-------- Input --------

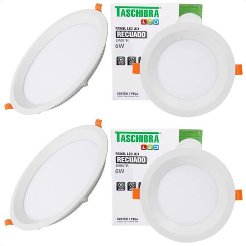Kit 4 Painel de Led Redondo Embutir Recuado 6W Bivolt Taschibra 4000K Neutro Características Gerais do Produto: Dimensões AxLxP CM : 1,6 x 9 x 9 Formato: Redondo Nicho do recorte CM : 7,5 X 7,5 Cor da luz: 4000K Neutro Produzido em: Plástico de Engenharia, Anti-UV, Driver Onboard, Placa Interna em Alumínio e Componentes Eletrônicos Voltagem: Autovolt em 110v e 220V Alimentação: Energia elétrica Cor acabamento: Branco Potência: 6W Fluxo luminoso: 360 Lumens IRC: 80 Ângulo de abertura: 120 : 1 ano junto ao fabricante Aplicação: Embutir Vida útil: 20.000 horas Acompanha lâmpada: Não necessita, LED já integrado Grau de proteção: IP20 Ajuste de intensidade Dimerizar : Não Acompanha o produto: 04 Painel Led Completo : 1 ano junto ao fabricante Marca: Não Informado
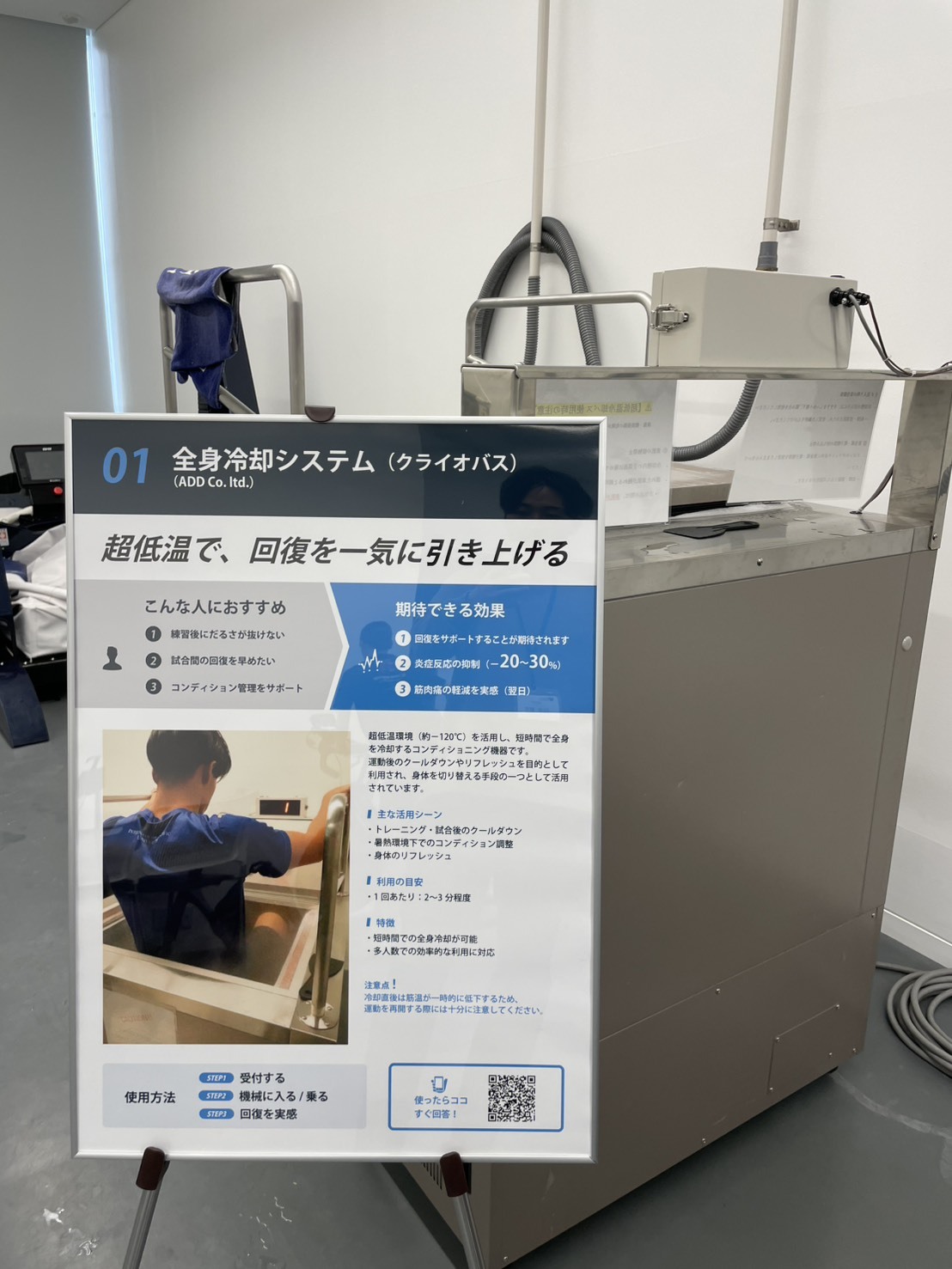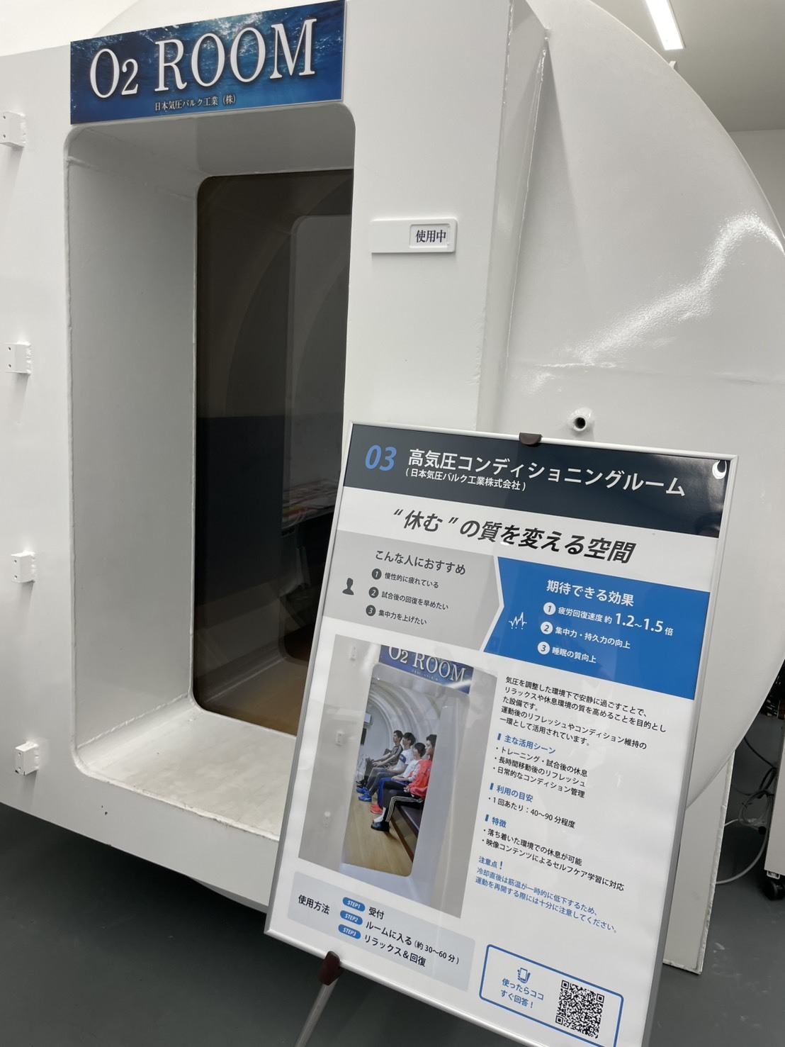 クライオバス(超低温刺激)、皮膚機能のコンディショニング機器、高気圧環境装置(酸素ルーム)、免荷式トレッドミル、さらに気圧・気温・酸素濃度を制御可能な環境制御室の常設により、スポーツ科学センター内の環境適応科学による統合型コンディショニング実践拠点を強化しました。
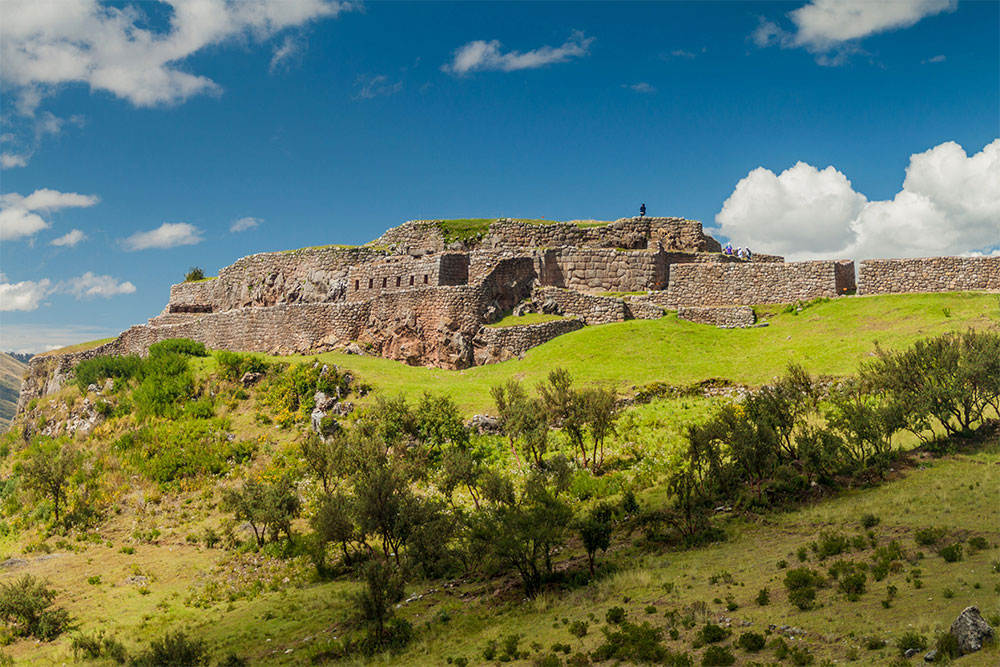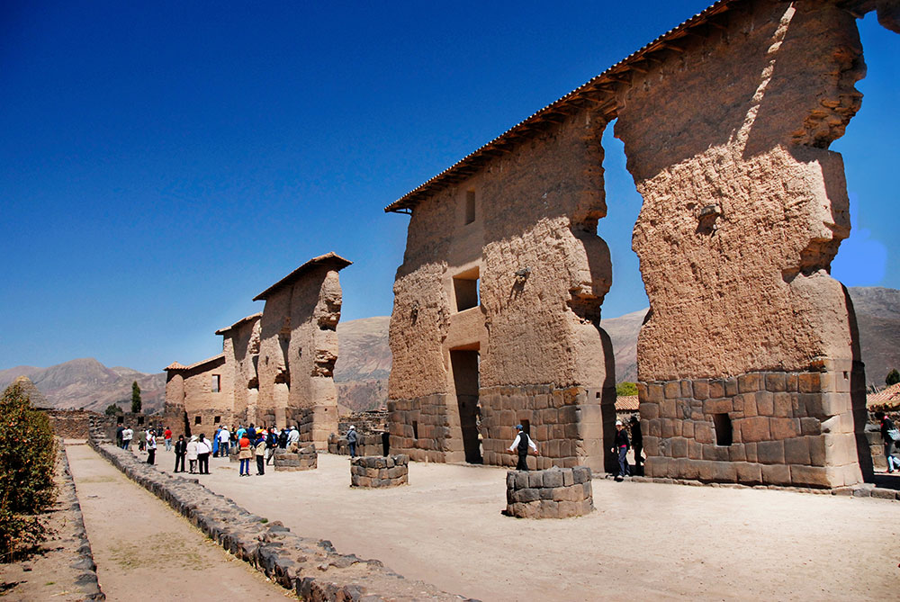 Raqchi (God Wiracocha Temple): Located 121 kilometers from Cusco, this Inca temple is monumental: 100 meters in length, 26 meters in width and 14 meters in height. Divided in two naves, each of these still retain the base of eleven giant columns. The base of the walls consists of Imperial Inca stonework with a top section of adobe. Adjacent to the temple, we can see many storehouses, used for various purposes: military and religious.
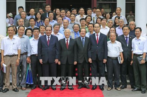Tổng Bí thư Nguyễn Phú Trọng, Chủ tịch nước Trần Đại Quang với các đại biểu tham dự lễ kỷ niệm. Ảnh: Nhan Sáng/TTXVN |
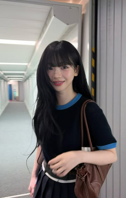특히 눈길을 끈 것은 그녀의 스타일링이다. 카리나는 블루 배색이 포인트인 네이비 반소매 니트에 짙은 색 치마를 매치해 차분하면서도 세련된 ‘프레피 룩’을 완벽하게 소화했다. 여기에 자신이 앰배서더로 활동 중인 브랜드의 브라운 가죽 가방을 매치해 고급스러운 무드를 더했다.

--------

Problem details:
In the records above, find the line with "Tổng Bí thư" and copy from it through the last line exactly, without the pictures.

Reply:
Tổng Bí thư Nguyễn Phú Trọng, Chủ tịch nước Trần Đại Quang với các đại biểu tham dự lễ kỷ niệm. Ảnh: Nhan Sáng/TTXVN |
특히 눈길을 끈 것은 그녀의 스타일링이다. 카리나는 블루 배색이 포인트인 네이비 반소매 니트에 짙은 색 치마를 매치해 차분하면서도 세련된 ‘프레피 룩’을 완벽하게 소화했다. 여기에 자신이 앰배서더로 활동 중인 브랜드의 브라운 가죽 가방을 매치해 고급스러운 무드를 더했다.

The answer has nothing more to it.